───── Study material ─────

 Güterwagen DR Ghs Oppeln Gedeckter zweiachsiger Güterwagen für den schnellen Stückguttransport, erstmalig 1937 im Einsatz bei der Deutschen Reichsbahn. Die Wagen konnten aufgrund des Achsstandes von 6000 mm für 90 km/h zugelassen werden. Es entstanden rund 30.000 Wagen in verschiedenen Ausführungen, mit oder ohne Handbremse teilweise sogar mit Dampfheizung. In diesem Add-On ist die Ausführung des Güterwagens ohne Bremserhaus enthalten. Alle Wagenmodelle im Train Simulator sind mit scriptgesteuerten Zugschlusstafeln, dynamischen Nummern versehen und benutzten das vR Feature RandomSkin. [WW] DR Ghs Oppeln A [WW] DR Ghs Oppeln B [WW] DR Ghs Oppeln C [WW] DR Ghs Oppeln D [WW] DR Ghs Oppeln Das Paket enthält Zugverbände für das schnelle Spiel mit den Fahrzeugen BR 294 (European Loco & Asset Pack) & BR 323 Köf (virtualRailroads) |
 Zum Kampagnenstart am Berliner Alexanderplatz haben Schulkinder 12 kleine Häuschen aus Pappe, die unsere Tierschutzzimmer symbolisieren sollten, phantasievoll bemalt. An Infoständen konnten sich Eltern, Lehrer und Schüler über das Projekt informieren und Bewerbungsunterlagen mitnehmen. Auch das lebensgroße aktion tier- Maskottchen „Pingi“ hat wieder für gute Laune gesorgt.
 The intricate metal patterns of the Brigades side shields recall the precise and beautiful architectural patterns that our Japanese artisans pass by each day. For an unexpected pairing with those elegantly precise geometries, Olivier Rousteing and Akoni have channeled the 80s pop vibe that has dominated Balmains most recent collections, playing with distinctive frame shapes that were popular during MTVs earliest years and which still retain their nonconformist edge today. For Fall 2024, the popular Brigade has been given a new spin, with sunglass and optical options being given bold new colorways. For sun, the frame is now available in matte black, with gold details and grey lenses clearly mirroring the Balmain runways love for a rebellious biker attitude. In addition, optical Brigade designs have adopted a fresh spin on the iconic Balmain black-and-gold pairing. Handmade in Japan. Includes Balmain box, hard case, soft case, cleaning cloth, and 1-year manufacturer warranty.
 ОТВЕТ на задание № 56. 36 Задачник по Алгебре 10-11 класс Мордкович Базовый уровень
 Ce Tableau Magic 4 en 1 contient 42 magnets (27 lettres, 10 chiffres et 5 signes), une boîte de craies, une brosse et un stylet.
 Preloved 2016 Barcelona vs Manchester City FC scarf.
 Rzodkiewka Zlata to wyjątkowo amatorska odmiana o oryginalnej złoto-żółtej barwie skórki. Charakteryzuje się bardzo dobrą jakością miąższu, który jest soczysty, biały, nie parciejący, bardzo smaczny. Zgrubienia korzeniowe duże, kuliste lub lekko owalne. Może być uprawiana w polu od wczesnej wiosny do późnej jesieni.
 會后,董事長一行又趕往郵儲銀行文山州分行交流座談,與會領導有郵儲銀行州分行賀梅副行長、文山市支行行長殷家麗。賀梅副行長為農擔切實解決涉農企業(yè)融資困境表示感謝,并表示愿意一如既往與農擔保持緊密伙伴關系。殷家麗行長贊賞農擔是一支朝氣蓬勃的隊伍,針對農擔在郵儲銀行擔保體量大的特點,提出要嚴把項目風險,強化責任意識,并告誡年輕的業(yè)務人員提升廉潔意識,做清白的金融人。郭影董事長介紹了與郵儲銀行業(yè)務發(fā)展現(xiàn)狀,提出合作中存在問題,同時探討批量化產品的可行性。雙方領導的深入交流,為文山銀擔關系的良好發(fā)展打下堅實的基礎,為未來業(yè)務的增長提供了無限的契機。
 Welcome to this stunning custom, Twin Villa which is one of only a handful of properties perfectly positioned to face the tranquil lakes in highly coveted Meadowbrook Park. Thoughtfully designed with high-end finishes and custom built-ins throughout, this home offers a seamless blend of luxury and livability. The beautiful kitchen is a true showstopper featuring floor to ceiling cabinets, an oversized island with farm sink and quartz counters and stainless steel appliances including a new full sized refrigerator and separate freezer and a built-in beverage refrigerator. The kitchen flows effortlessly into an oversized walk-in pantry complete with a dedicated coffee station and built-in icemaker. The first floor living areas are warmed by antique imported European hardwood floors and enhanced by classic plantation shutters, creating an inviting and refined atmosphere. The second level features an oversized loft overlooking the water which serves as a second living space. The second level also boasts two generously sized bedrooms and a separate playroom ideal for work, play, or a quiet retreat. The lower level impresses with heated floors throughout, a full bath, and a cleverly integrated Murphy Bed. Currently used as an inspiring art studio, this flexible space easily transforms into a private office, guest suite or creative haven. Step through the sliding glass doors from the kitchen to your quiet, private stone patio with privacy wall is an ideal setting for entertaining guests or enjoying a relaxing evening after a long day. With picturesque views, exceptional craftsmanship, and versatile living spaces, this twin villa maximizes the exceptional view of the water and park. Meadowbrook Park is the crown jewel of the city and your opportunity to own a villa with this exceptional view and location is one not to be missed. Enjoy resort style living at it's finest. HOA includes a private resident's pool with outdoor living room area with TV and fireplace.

─────

Would you output every record above exactly as it stands?

• Task solution
 Güterwagen DR Ghs Oppeln Gedeckter zweiachsiger Güterwagen für den schnellen Stückguttransport, erstmalig 1937 im Einsatz bei der Deutschen Reichsbahn. Die Wagen konnten aufgrund des Achsstandes von 6000 mm für 90 km/h zugelassen werden. Es entstanden rund 30.000 Wagen in verschiedenen Ausführungen, mit oder ohne Handbremse teilweise sogar mit Dampfheizung. In diesem Add-On ist die Ausführung des Güterwagens ohne Bremserhaus enthalten. Alle Wagenmodelle im Train Simulator sind mit scriptgesteuerten Zugschlusstafeln, dynamischen Nummern versehen und benutzten das vR Feature RandomSkin. [WW] DR Ghs Oppeln A [WW] DR Ghs Oppeln B [WW] DR Ghs Oppeln C [WW] DR Ghs Oppeln D [WW] DR Ghs Oppeln Das Paket enthält Zugverbände für das schnelle Spiel mit den Fahrzeugen BR 294 (European Loco & Asset Pack) & BR 323 Köf (virtualRailroads) |
 Zum Kampagnenstart am Berliner Alexanderplatz haben Schulkinder 12 kleine Häuschen aus Pappe, die unsere Tierschutzzimmer symbolisieren sollten, phantasievoll bemalt. An Infoständen konnten sich Eltern, Lehrer und Schüler über das Projekt informieren und Bewerbungsunterlagen mitnehmen. Auch das lebensgroße aktion tier- Maskottchen „Pingi“ hat wieder für gute Laune gesorgt.
 The intricate metal patterns of the Brigades side shields recall the precise and beautiful architectural patterns that our Japanese artisans pass by each day. For an unexpected pairing with those elegantly precise geometries, Olivier Rousteing and Akoni have channeled the 80s pop vibe that has dominated Balmains most recent collections, playing with distinctive frame shapes that were popular during MTVs earliest years and which still retain their nonconformist edge today. For Fall 2024, the popular Brigade has been given a new spin, with sunglass and optical options being given bold new colorways. For sun, the frame is now available in matte black, with gold details and grey lenses clearly mirroring the Balmain runways love for a rebellious biker attitude. In addition, optical Brigade designs have adopted a fresh spin on the iconic Balmain black-and-gold pairing. Handmade in Japan. Includes Balmain box, hard case, soft case, cleaning cloth, and 1-year manufacturer warranty.
 ОТВЕТ на задание № 56. 36 Задачник по Алгебре 10-11 класс Мордкович Базовый уровень
 Ce Tableau Magic 4 en 1 contient 42 magnets (27 lettres, 10 chiffres et 5 signes), une boîte de craies, une brosse et un stylet.
 Preloved 2016 Barcelona vs Manchester City FC scarf.
 Rzodkiewka Zlata to wyjątkowo amatorska odmiana o oryginalnej złoto-żółtej barwie skórki. Charakteryzuje się bardzo dobrą jakością miąższu, który jest soczysty, biały, nie parciejący, bardzo smaczny. Zgrubienia korzeniowe duże, kuliste lub lekko owalne. Może być uprawiana w polu od wczesnej wiosny do późnej jesieni.
 會后,董事長一行又趕往郵儲銀行文山州分行交流座談,與會領導有郵儲銀行州分行賀梅副行長、文山市支行行長殷家麗。賀梅副行長為農擔切實解決涉農企業(yè)融資困境表示感謝,并表示愿意一如既往與農擔保持緊密伙伴關系。殷家麗行長贊賞農擔是一支朝氣蓬勃的隊伍,針對農擔在郵儲銀行擔保體量大的特點,提出要嚴把項目風險,強化責任意識,并告誡年輕的業(yè)務人員提升廉潔意識,做清白的金融人。郭影董事長介紹了與郵儲銀行業(yè)務發(fā)展現(xiàn)狀,提出合作中存在問題,同時探討批量化產品的可行性。雙方領導的深入交流,為文山銀擔關系的良好發(fā)展打下堅實的基礎,為未來業(yè)務的增長提供了無限的契機。
 Welcome to this stunning custom, Twin Villa which is one of only a handful of properties perfectly positioned to face the tranquil lakes in highly coveted Meadowbrook Park. Thoughtfully designed with high-end finishes and custom built-ins throughout, this home offers a seamless blend of luxury and livability. The beautiful kitchen is a true showstopper featuring floor to ceiling cabinets, an oversized island with farm sink and quartz counters and stainless steel appliances including a new full sized refrigerator and separate freezer and a built-in beverage refrigerator. The kitchen flows effortlessly into an oversized walk-in pantry complete with a dedicated coffee station and built-in icemaker. The first floor living areas are warmed by antique imported European hardwood floors and enhanced by classic plantation shutters, creating an inviting and refined atmosphere. The second level features an oversized loft overlooking the water which serves as a second living space. The second level also boasts two generously sized bedrooms and a separate playroom ideal for work, play, or a quiet retreat. The lower level impresses with heated floors throughout, a full bath, and a cleverly integrated Murphy Bed. Currently used as an inspiring art studio, this flexible space easily transforms into a private office, guest suite or creative haven. Step through the sliding glass doors from the kitchen to your quiet, private stone patio with privacy wall is an ideal setting for entertaining guests or enjoying a relaxing evening after a long day. With picturesque views, exceptional craftsmanship, and versatile living spaces, this twin villa maximizes the exceptional view of the water and park. Meadowbrook Park is the crown jewel of the city and your opportunity to own a villa with this exceptional view and location is one not to be missed. Enjoy resort style living at it's finest. HOA includes a private resident's pool with outdoor living room area with TV and fireplace.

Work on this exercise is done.